(Material for this exercise)

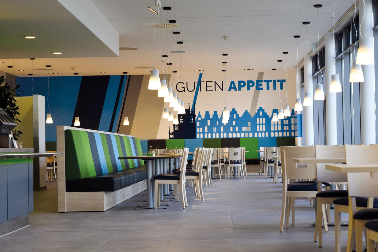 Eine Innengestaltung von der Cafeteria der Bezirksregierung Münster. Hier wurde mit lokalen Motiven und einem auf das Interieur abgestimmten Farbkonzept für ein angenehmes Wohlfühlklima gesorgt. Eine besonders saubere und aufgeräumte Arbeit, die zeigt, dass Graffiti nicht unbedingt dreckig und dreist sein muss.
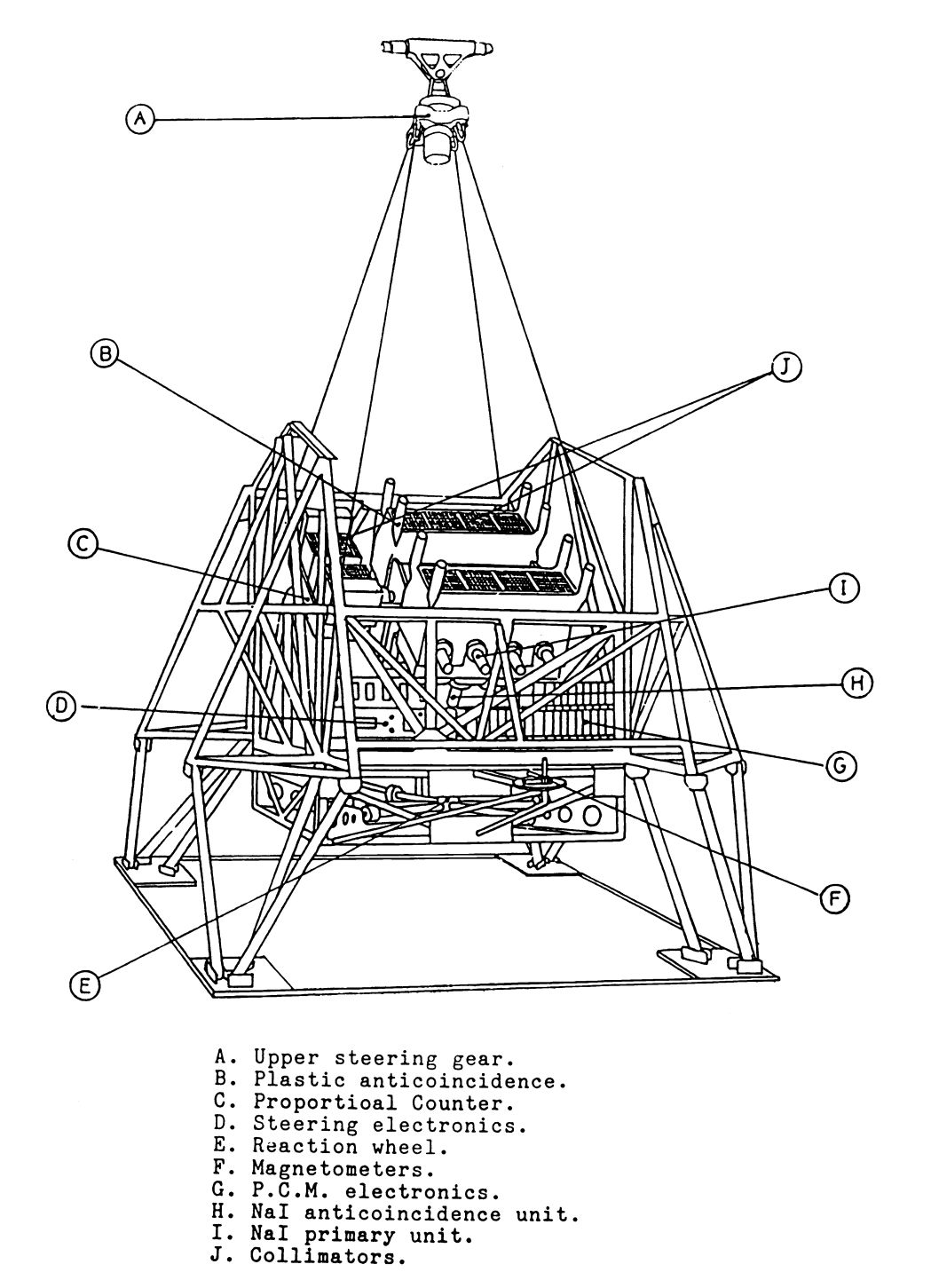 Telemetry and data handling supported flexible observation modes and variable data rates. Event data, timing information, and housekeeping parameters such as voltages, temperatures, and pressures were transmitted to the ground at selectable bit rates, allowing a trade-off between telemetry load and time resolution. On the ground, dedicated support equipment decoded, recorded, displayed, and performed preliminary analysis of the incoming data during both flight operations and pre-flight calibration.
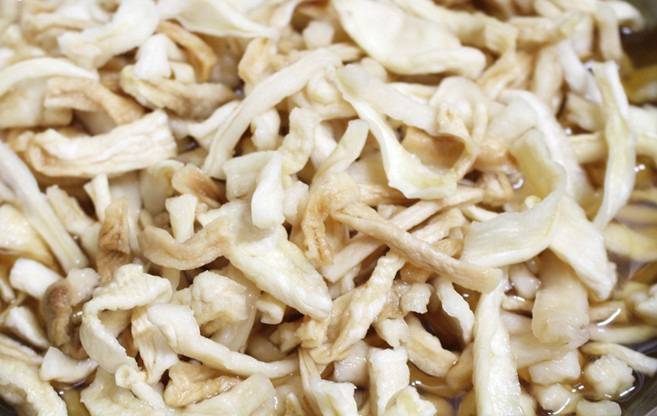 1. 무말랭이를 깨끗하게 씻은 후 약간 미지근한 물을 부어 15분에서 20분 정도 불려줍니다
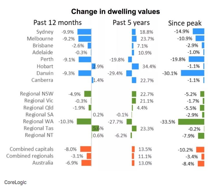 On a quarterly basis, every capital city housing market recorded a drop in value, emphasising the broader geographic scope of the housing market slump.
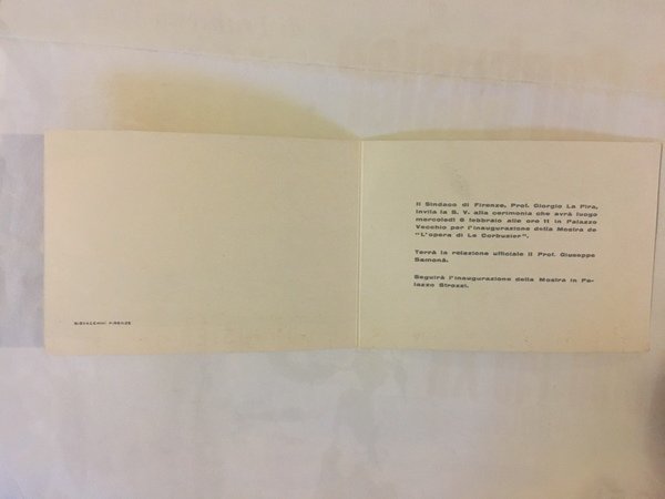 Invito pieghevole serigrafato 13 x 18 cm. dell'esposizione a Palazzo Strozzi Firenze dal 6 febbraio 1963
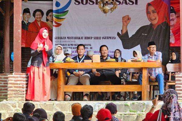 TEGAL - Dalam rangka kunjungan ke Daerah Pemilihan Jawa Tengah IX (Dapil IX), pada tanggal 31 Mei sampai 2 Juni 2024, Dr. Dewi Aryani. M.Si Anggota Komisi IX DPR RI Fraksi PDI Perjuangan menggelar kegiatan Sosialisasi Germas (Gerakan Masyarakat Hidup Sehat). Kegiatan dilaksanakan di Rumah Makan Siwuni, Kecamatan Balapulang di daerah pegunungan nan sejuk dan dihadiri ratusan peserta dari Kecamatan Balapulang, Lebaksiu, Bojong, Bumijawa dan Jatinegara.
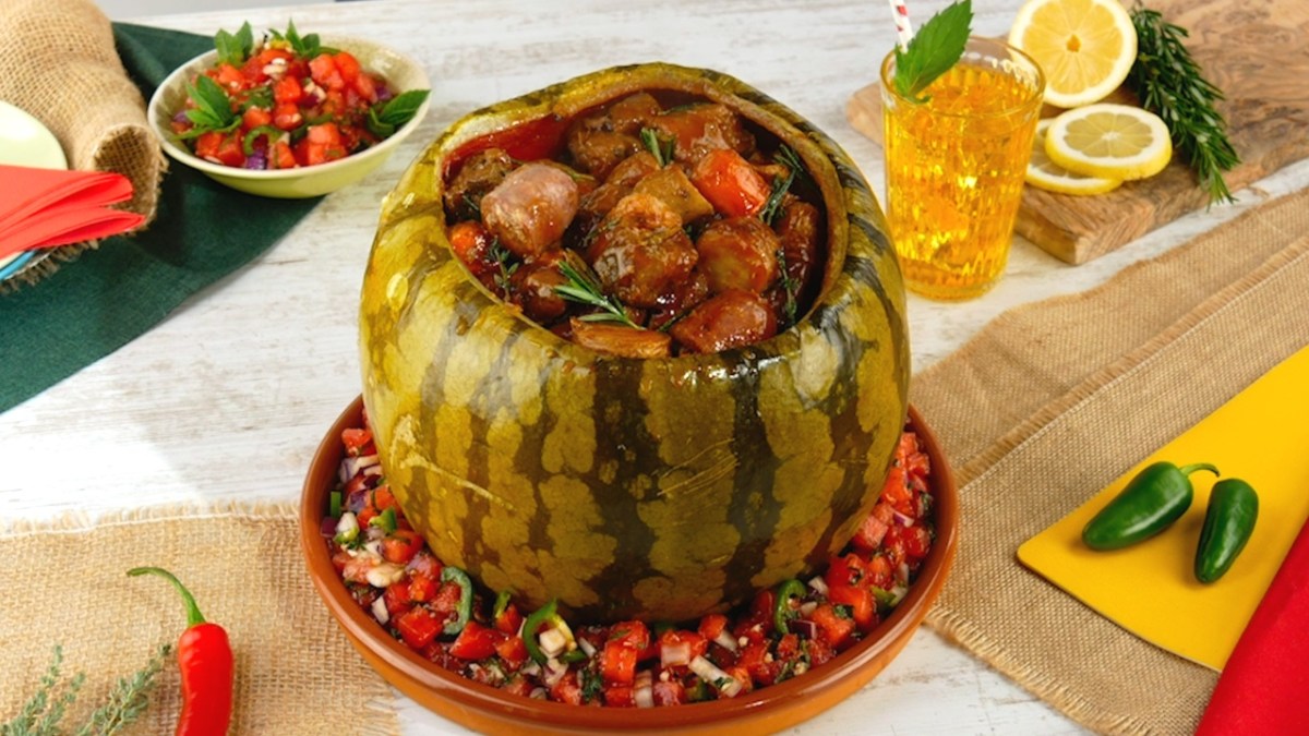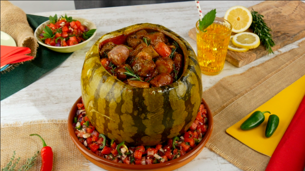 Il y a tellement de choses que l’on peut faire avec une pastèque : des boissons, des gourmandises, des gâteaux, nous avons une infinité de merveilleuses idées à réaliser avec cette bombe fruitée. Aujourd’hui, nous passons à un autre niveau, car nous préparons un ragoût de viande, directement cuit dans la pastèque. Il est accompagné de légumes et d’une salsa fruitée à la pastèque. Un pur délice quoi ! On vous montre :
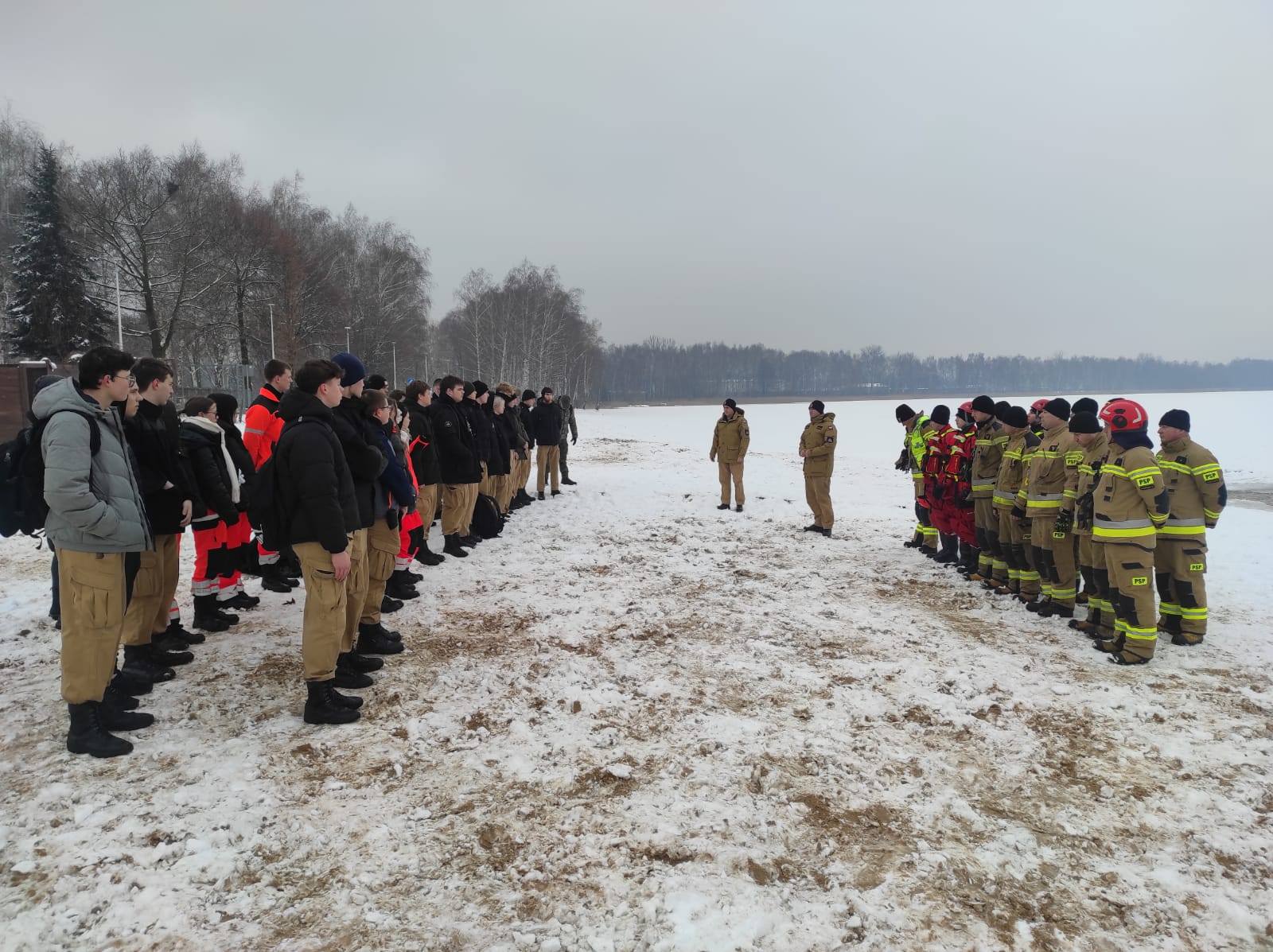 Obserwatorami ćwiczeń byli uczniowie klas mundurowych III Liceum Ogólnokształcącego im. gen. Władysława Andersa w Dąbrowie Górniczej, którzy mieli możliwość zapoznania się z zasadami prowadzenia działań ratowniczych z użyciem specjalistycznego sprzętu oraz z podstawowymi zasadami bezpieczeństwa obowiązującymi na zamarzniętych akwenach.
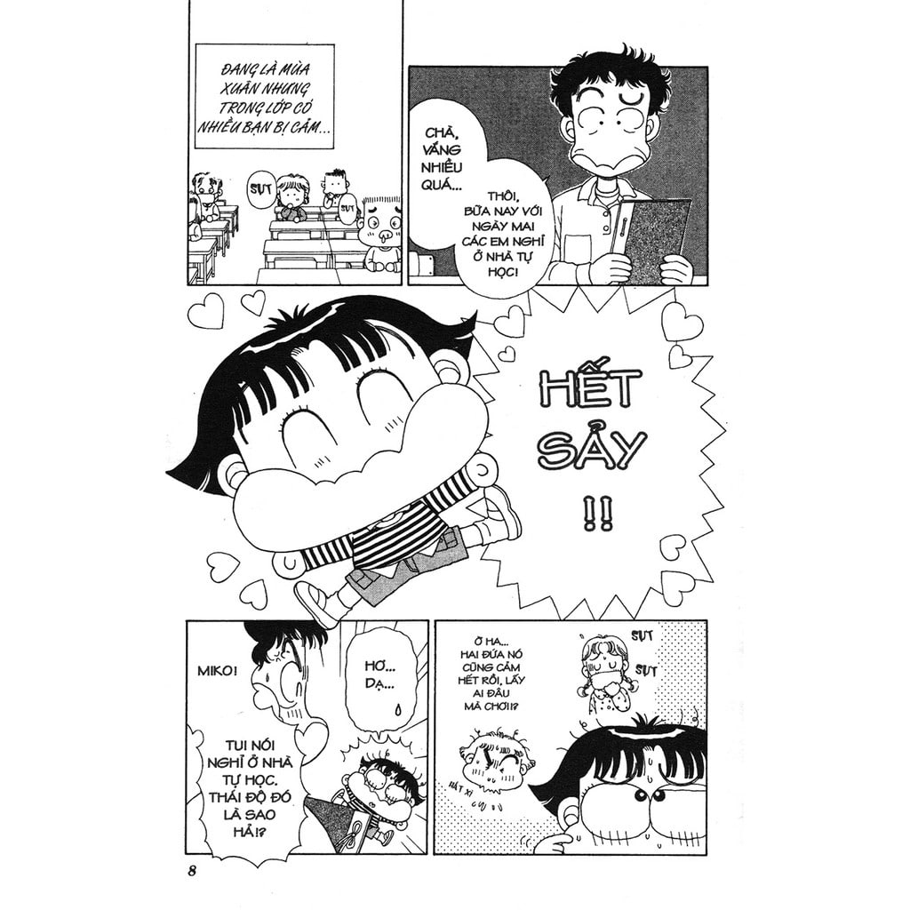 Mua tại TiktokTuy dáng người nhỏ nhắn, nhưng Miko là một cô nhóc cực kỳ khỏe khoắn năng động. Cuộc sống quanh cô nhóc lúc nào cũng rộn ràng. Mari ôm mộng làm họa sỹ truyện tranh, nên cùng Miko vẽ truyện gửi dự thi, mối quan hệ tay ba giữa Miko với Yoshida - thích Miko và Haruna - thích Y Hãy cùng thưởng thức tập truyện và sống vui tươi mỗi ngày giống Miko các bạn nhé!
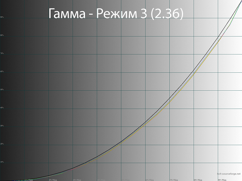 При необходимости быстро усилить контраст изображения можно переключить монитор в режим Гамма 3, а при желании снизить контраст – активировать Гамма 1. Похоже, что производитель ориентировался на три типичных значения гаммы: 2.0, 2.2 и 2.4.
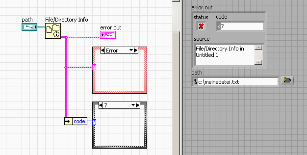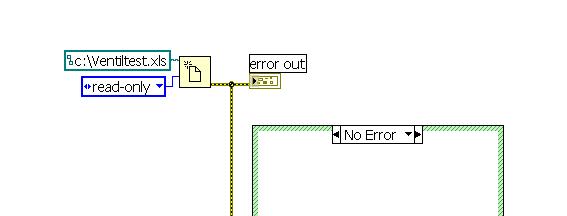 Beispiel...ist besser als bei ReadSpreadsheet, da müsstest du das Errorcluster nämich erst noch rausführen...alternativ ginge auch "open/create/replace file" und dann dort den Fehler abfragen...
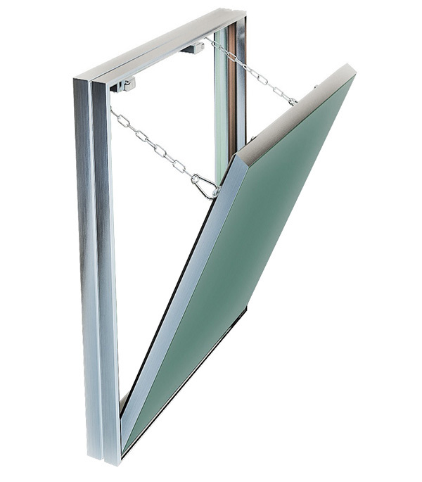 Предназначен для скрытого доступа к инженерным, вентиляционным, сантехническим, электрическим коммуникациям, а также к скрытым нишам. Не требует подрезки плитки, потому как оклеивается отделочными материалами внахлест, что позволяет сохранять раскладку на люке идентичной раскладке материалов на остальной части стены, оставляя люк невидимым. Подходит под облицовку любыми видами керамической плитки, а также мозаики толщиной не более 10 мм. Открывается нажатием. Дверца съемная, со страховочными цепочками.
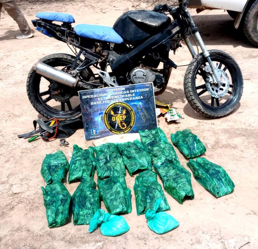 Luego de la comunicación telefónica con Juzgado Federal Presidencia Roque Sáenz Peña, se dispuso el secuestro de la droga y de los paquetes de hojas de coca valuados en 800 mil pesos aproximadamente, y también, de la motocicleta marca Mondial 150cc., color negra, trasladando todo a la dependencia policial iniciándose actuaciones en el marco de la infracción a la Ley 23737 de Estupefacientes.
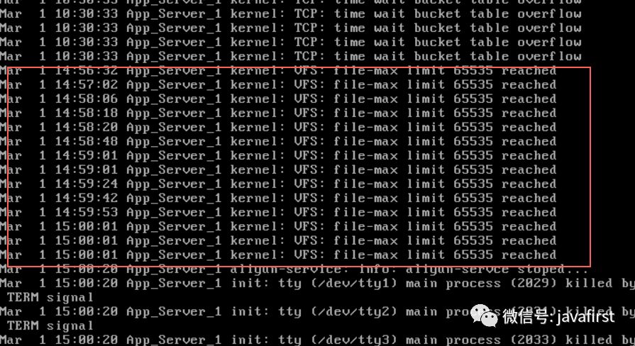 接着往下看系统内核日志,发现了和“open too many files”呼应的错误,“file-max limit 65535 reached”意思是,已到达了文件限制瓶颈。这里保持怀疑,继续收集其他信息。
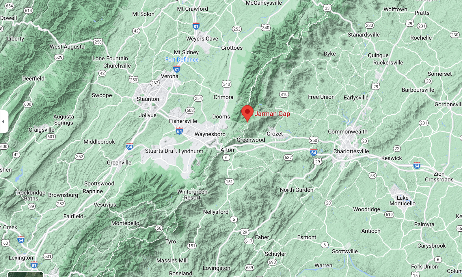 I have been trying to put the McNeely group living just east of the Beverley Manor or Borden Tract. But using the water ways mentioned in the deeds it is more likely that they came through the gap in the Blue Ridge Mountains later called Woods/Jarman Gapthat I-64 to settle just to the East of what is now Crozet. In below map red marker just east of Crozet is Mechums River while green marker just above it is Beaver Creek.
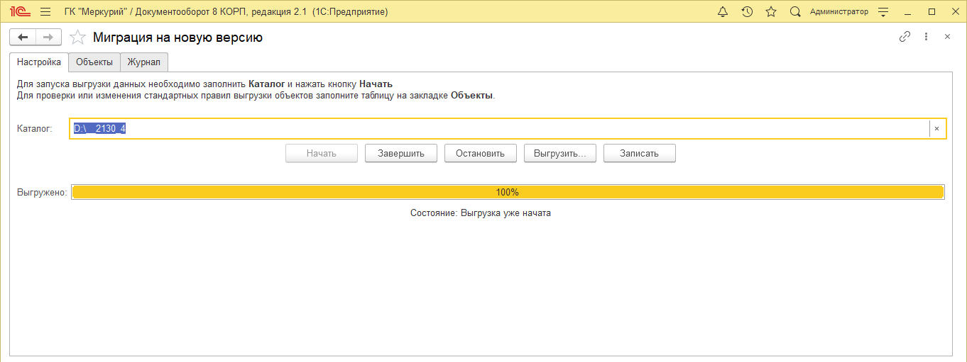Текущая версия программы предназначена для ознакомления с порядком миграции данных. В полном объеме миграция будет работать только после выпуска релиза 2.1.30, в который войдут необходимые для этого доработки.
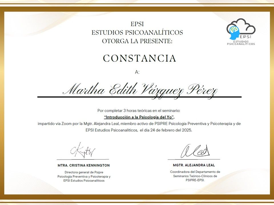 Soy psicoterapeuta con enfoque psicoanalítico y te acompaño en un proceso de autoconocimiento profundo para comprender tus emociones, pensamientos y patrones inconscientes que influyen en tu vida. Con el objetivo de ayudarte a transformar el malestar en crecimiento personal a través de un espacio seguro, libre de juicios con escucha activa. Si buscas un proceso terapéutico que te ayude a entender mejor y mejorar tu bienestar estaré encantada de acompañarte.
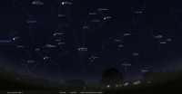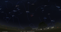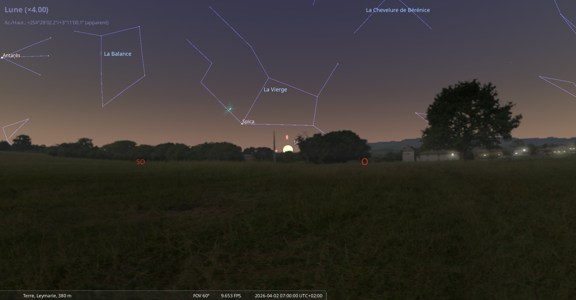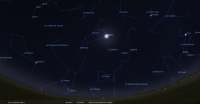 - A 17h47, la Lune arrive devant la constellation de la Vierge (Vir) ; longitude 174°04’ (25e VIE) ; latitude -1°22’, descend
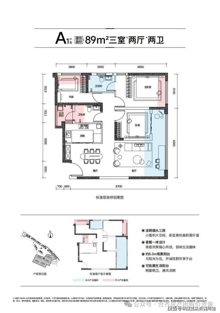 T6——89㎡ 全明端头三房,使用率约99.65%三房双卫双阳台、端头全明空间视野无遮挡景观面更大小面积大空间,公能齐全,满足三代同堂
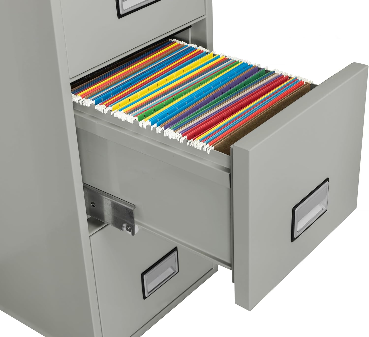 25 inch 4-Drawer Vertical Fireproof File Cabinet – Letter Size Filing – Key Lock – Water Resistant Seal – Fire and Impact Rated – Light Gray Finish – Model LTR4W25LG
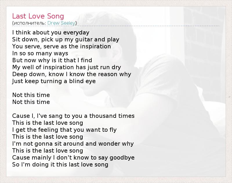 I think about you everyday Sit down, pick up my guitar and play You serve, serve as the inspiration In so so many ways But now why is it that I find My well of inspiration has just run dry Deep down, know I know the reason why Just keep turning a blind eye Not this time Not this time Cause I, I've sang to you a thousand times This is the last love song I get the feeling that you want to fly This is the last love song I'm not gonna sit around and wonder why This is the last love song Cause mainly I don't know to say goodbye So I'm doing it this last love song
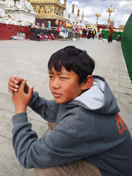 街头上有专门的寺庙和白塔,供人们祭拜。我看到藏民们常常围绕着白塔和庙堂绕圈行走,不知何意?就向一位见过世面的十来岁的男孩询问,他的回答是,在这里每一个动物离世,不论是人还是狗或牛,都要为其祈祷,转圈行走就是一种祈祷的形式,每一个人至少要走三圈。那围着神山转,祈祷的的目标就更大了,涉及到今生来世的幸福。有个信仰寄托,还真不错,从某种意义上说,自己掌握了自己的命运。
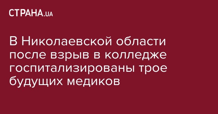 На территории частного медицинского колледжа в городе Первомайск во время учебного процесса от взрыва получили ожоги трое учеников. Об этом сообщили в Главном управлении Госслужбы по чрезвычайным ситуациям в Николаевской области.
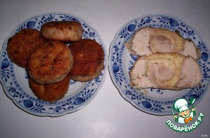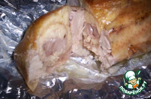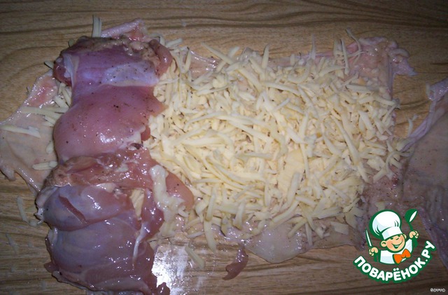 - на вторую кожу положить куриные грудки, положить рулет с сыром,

(Problem requirements)
Everything from the first line of the entries through the line containing "1. 무말랭이를 깨끗하게" is to be transcribed exactly; the pictures are not.

(Exercise solution)
 Eine Innengestaltung von der Cafeteria der Bezirksregierung Münster. Hier wurde mit lokalen Motiven und einem auf das Interieur abgestimmten Farbkonzept für ein angenehmes Wohlfühlklima gesorgt. Eine besonders saubere und aufgeräumte Arbeit, die zeigt, dass Graffiti nicht unbedingt dreckig und dreist sein muss.
 Telemetry and data handling supported flexible observation modes and variable data rates. Event data, timing information, and housekeeping parameters such as voltages, temperatures, and pressures were transmitted to the ground at selectable bit rates, allowing a trade-off between telemetry load and time resolution. On the ground, dedicated support equipment decoded, recorded, displayed, and performed preliminary analysis of the incoming data during both flight operations and pre-flight calibration.
 1. 무말랭이를 깨끗하게 씻은 후 약간 미지근한 물을 부어 15분에서 20분 정도 불려줍니다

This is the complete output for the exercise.